Mortality According to Breathing Support

The present study showed how an integrated multidisciplinary clinical organization was able to optimize the allocation of the available resources among 520 hospitalized COVID-19 patients. The overall 30- and 60-day mortality were 22.5% and 24.2%, respectively. Approximately 21% of the patients were mechanically ventilated, with a mortality ranging from 19.6% in the patients treated with NIV-only to 36.6% in the patients undergoing IMV without an NIV trial. To our knowledge, this is the first study reporting 60-day mortality in a cohort of hospitalized patients diagnosed with COVID-19 overall and according to all adopted ventilatory strategies. A Chinese multicentric study enrolling 258 ICU patients reported an overall 60-day mortality of 64.3%, with 19 patients deceased within 48h after ICU admission.19 Among 165 mechanically ventilated patients, the 60-day mortality was 83%, 56%, and 94% for those treated with IMV, with NIV, and receiving both treatments, respectively. The median P/F ratio in the Chinese population was 91 (IQR 67–134) with a SOFA score of 6 (IQR 5–7). It should be noted that, in our study, we documented results for patients treated with NIV and/or IMV despite a similar P/F ratio (median 98.0; IQR 84.0–124.5) and a higher SOFA score (median 8; IQR 6–10), with a considerably lower 60-day mortality rate overall and in individual groups.

A study from six COVID-19 ICUs from the US enrolled 217 patients, 165 of whom (76.0%) received IMV, with a median IMV length of 9 days (IQR 4–13).4 Among the IMV subjects, ICU mortality was 33.9%, without any difference in IMV days between the deceased and the survivors. At the end of the follow-up (median observation time 15 [IQR: 9–24] days), hospital mortality was 35.7% (59/165), with eight patients still on IMV in the ICU. However, no information was provided either about the adopted respiratory support or the outcome for the patients not undergoing IMV. Although the mortality reported by Auld et al is similar to the mortality reported in our study in the IMV-only group, they reported a much shorter follow-up (maximum follow-up of 60 days), with 4.8% of the patients still at the ICU. Therefore, the 60-day mortality among those patients is likely to be higher than the reported hospital mortality. Recently, a nationwide study in Germany that included more than 10,000 hospitalized COVID-19 patients was published. Interestingly, although the Germany healthcare system has not been overwhelmed by the pandemic, the reported in-hospital mortality was markedly higher among patients treated with NIV (45% in patients with successful NIV, 50% in patients with failed NIV) and IMV (53% in patients treated with IMV). Meanwhile, it was lower in patients without mechanical ventilation (16%).3

Two other studies that considered ICU patients reported on all of the adopted breathing support strategies. An Italian multicentric study enrolling a cohort of 3,355 critically ill patients (median follow-up: 69 days; ventilatory support: IMV 87%, NIV 10%, CPAP/oxygen 2.3%) reported a mortality rate at the censoring (median observation time 70 [range, 38–112] days) of 17%, 36%, and 52% among patients treated with oxygen, NIV, and IMV, respectively.8 Accordingly, NIV and IMV were associated with an increased risk of death compared with patients treated only with oxygen (HR 2.36, 95% CI 1.33–4.17 and HR 3.77, 95% CI 2.19–6.51, respectively). Moreover, a study based on the RISC-19-ICU registry reported an ICU mortality of 9.5% (8/84), 25.0% (3/12), and 31.4% (86/274) among patients undergoing oxygen therapy, NIV, and IMV, respectively.9 Again, the mortalities reported in previous studies are likely to have underestimated the 60-day mortality.
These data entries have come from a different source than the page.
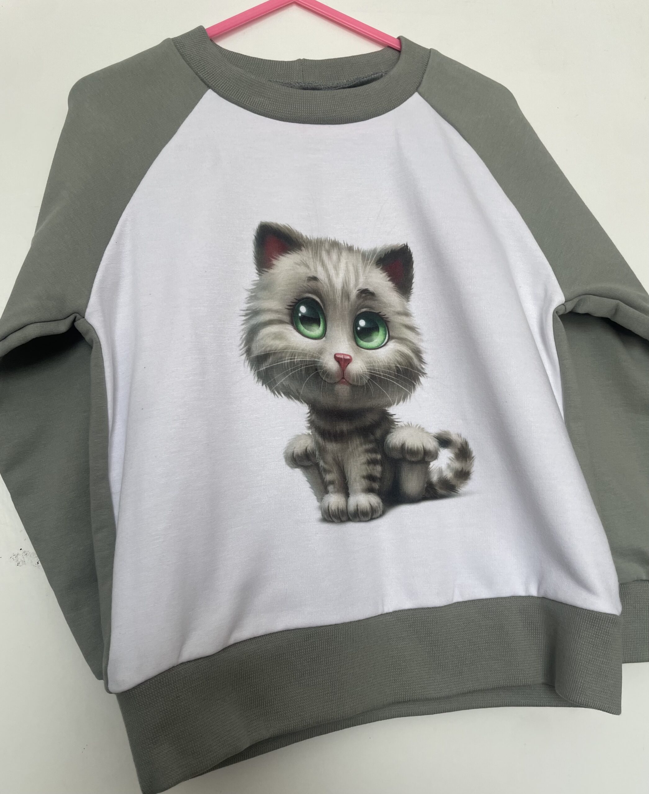 Ees valgel taustal kassi pilt dressikangal, varrukas ja selg uhutud dressikangast.
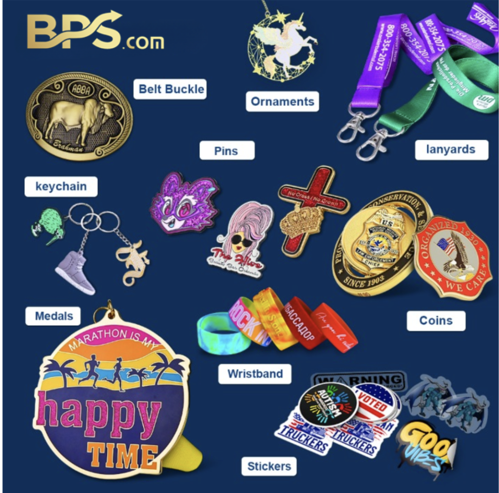 You can find these products on BPS.com.Besides, there are other exquisite products include Custom Pens, Coins, Medals, Lanyards, Lapel pins, Keychains, belt buckles, stickers, and more.
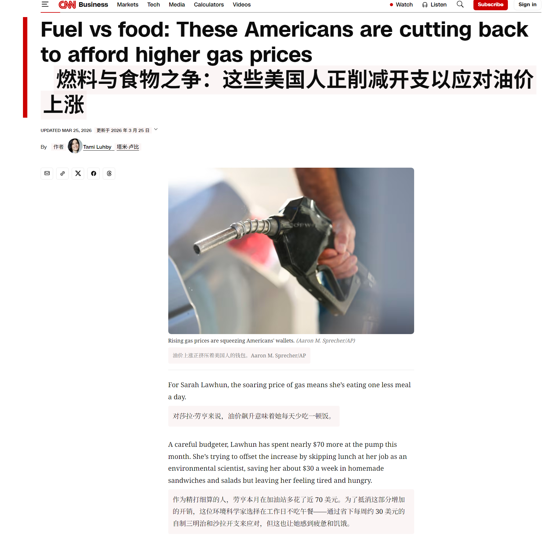 🔻CNN:美国人在加油和吃饭之中二选一。🔻沟槽的斩杀线跑着追杀美国人,这是 CNN 的报道。🔹对莎拉·劳亨来说,油价飙升意味着她每天少吃一顿饭。🔹作为精打细算的人,劳亨本月在加油站多花了近 70 美元。为了抵消这部分增加的开销,这位环境科学家选择在工作日不吃午餐——通过省下每周约 30 美元的自制三明治和沙拉开支来应对,但这也让她感到疲惫和饥饿。🔹令她倍感压力的是,她担心即使美以与伊朗的战争结束,油价仍将居高不下,并导致食品价格上涨。她已经开始减少购买新鲜蔬菜和肉类,更多地光顾折扣杂货店,试图维持储蓄能力和偿还医疗债务的能力。🔹“除了其他所有开销,我们谁都不需要油价上涨,”31 岁的劳亨说道,她住在纽约州奥尔巴尼郊区,每天上下班通勤往返 50 英里。“想要有所结余真的非常非常困难。”🔹劳亨是数百名致信 CNN、讲述油价上涨对家庭财务影响的美国人之一。许多人表示,他们被迫削减必需品开支,以及旅行、娱乐和其他有助于推动经济的消费。🔹这种痛苦并不仅限于那些已经难以维持生计的人。那些自认为是中产阶级、并声称拥有好工作的人士也向 CNN 表示,他们不得不勒紧裤腰带,尤其是在经历了多年食品、公用事业(水电气)、住房和其他必需品价格高昂的困境之后。🔹根据美国汽车协会的数据,上周三全美范围内一加仑汽油的平均价格为 3.98 美元。这比过去一个月上涨了 1.01 美元,涨幅达 34%。🔹劳亨的担忧不无道理。油价比较网站 GasBuddy 的石油分析主管帕特里克·德哈恩表示,一旦冲突结束,汽油价格每天可能只会下降 1 到 3 美分。与此同时,专家表示,更高的价格将渗透到其他需要运输的产品中,包括食品。🔹对一些人来说,尤其是送货司机和那些在工作中花大量时间在路上的人来说,汽油价格的飙升意味着他们赚的钱更少了。🔹为沃尔玛送货的独立承包商马克·埃尔南德斯收集了他的收据,并记录了他加油的山姆会员店油价的稳步上涨:2 月 24 日每加仑 2.45 美元;3 月 3 日 3.08 美元;3 月 10 日 3.35 美元;3 月 17 日 3.69 美元;3 月 20 日 3.83 美元。🔹与此同时,这位德克萨斯州埃尔帕索市的居民自战争开始以来,订单和小费也减少了,每周收入因此减少了几百美元。这种双重打击促使他申请其他工作,包括救生员,以补充收入。他还在网上寻找不需要开车的工作。他理想的工作是居家办公。与此同时,他每周都要给他的 2008 款道奇战马加好几次油,试图在油价上涨前做好准备。🔹“我知道油价每天都在上涨,”42 岁的埃尔南德斯说,他每天早上都会在网上查看油价。最让他感到恐惧的是不知道每天在加油站要花多少钱。🔹油价飙升也打乱了家庭日程,父母们不得不减少与孩子们的活动,以限制开车出行。🔹现在,德克西亚·比林斯利每周加油至少要多花 15 美元,这意味着她只能已停止所有非必要驾驶以节省开支、开起亚 Telluride 送孩子上学和去当保安的工作。她不得不停止带 3 岁的儿子去公园,他喜欢那里的秋千。这种变化导致她患有自闭症的儿子行为更加失控。🔹“我只去必须去的地方,别无他处可去,”现年 35 岁、居住在佛罗里达州杰克逊维尔的比林斯利说道。🔹比林斯利也无法开车送她 12 岁的女儿去参加活动,也无法在本月初的春假期间带家人进行短途公路旅行。让她感到难过的是,她让他们失望了。🔹“我已经尽力了,”她说,“我不想让孩子们失望,告诉他们我做不到。”然而,有些家庭责任无法推迟。🔹帕特里克·德斯蒂文斯和妻子下周将驱车 2800 英里返回位于华盛顿州温哥华市的家中。此前,他们一直在照顾德斯蒂文斯身患绝症的母亲——这位住在宾夕法尼亚州约克市的老人已于 3 月中旬去世。由于预计燃油费将增加 100 美元,他们为此次旅途的食宿制定了严格的预算。🔹就在德斯蒂文斯从土木工程岗位请了数周无薪家庭假来照顾母亲之际,油价暴涨的冲击接踵而至。此外,他和兄弟姐妹们现在还必须承担母亲的丧葬费用,而这笔开支原本并未列入他的预算。🔹一旦他回到家,就不得不面对当地好市多加油站上涨的油价。他一直在查看商店的应用,发现现在的油价是每加仑 4.79 美元,比他二月底离开时高出了一美元多——他预计这将削减他的储蓄能力,并增加他的信用卡债务。🔹“这是我始料未及需要担心的事情,”33 岁的德史蒂文斯谈到油价上涨时说,“这非常令人沮丧,我讨厌这样。”🔹迈克·申塔格未曾预料到自己会需要关心汽油价格。他和妻子朱莉娅·伦肯驾驶的都是电动汽车。🔹然而,中东冲突爆发后不久,他不得不将自己的 2025 年款 Rivian SUV 送进维修厂更换悬挂系统,这花费了近两周时间。当他得知租车公司只提供燃油车时,他的第一个念头是:“天哪,这真是最糟糕的时机。”🔹身为工程师的申塔格试图更多地在家工作,并使用妻子的电动车处理杂事,以减少对租来的马自达 3 的使用。尽管如此,他上周还是不得不给这辆车加了价值 52 美元的汽油,并在周三归还前又加了 53 美元。🔹相比之下,他在科罗拉多州博尔德家中为他的 Rivian 充电每月只需花费 46 美元。🔹“一周的油费比我一个月的充电费还高,”35 岁的申塔格说道。🔻感受一下什么叫做“美国巨额的痛苦消费”,这是美国人省不下的钱。伊朗打击美军指挥中心特朗普称两到三周结束战事海外新鲜事中东现场

However, the mortality reported in the NIV and IMV groups in our study is lower than the mortality in the Italian study and similar to the mortality from the RISC-19-ICU registry. It should be noted that in all of the above-cited studies, the reported mortality for patients treated with standard oxygen and NIV was clearly conditioned by the reduced size of these subgroups, which is related to the study setting that is limited to the ICU.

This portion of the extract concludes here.